In terms of temperament, trout are wild and predatory cold water fish. This can pose problems in a pond, as trout of any size will fin-nip, which could lead to fish deformities and even deaths over time as the recipient fish will become stressed. Koi, however, are not predatory fish and will therefore live peacefully amongst themselves in a pond.
On the other hand, given an adequate setup, trout could make a fantastic addition to your garden pond. Trout would thrive in a large, deep, low density pond with good aeration and filtration, with the added bonus that when grown on, they would make a lovely fresh meal as well as a pretty fish to admire in the pond during the process. Trout flesh is considered to be tasty generally, despite being fairly bony, but the diet of the trout influences its taste. For example, a trout brought up on a crustacean based diet is considered tastier than a trout raised on an insect-based diet. This may be something to consider if you are planning to eat your trout.
Trout in the wild:
For the most part, wild trout live exclusively in freshwater lakes and rivers, meaning that a pond habitat meeting the trout’s specific requirements would be a fairly natural environment for them in captivity. There is an abundance of varying patterns and colourations within the species, depending on sub-species and environment. The trout’s colourations primarily act as a camouflage, adapting to each new environment, which could be a disadvantage in captivity purely from an aesthetic point of view when compared to the colourations of the koi carp for example. Koi are known for their vivid, prominent colourations and markings, whereas trout are not generally regarded as particularly colourful cold water fish. The good news is that trout in lakes or smaller streams tend to have more vivid colourations in general, meaning that in a pond environment they may show more pronounced colour and markings, but not necessarily to the standard of a koi carp.
Trout or Koi Carp?
To answer this question, it is best to look at what you intend to use your pond for. Do you want your pond’s purpose to be fully observational and aesthetic? Or would you like the added practicality of being able to produce food out of your pond whilst compromising on the visual quality of the fish?

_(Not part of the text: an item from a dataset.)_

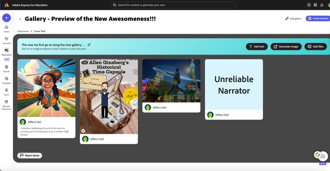 One thing I love to say is, "Push all the buttons and play to learn!" This has become my mantra when creating or exploring features. In Adobe Express for Education, you truly have endless creative possibilities at your figertips - and this new Homepage experience makes it even easier. Whether you want to generate an image with AI, use a Guided Activity with built-in instructions, animate a character, create a webpage, create a video or drive your own professional learning with our self-paced course, it's all right there for you. I encourage you to explore the new Homepage and click on each tab to get a feel for the experience.

Firstly, keeping trout and koi carp in the same pond could be problematic in many ways. As briefly mentioned earlier in the article, whilst both species of fish require a very similar filtration setup, the trout’s wild and predatory nature will mean that your koi will not be particularly safe. The koi will likely be subject to fin nipping and predatory behaviour which will stress them out and possibly lead to deformations, affecting their visual quality (a large issue to consider for a fish which is primarily in a pond for aesthetics).

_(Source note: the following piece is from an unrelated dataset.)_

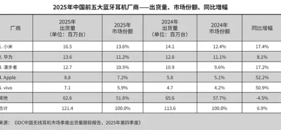 17.4%增速领跑!小米拿下2025中国蓝牙耳机市场第一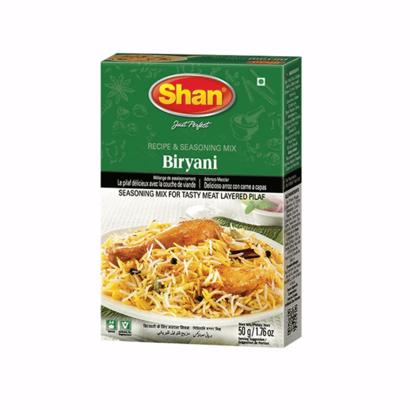Shan Biryani Masala is a premium spice blend designed to help you prepare authentic, flavorful biryani at home. This 50g packet is suitable for approximately 8 servings and is ideal for chicken, beef, lamb, or vegetable biryani.

Therefore, the easiest and safest solution to this problem would be to pick one species of fish to keep in your garden pond. If you would prefer to be able to eat the fish in your pond, perhaps trout would be superior, provided that you do not mind compromising on the quality of colourations and markings, and given the correct pond requirements. However, if you simply desire pet fish to be observed and add an abundance of aesthetic quality to your garden, koi would be the obvious choice, due to their popularity for being beautiful and relatively easy to look after fish with little to no prey drive.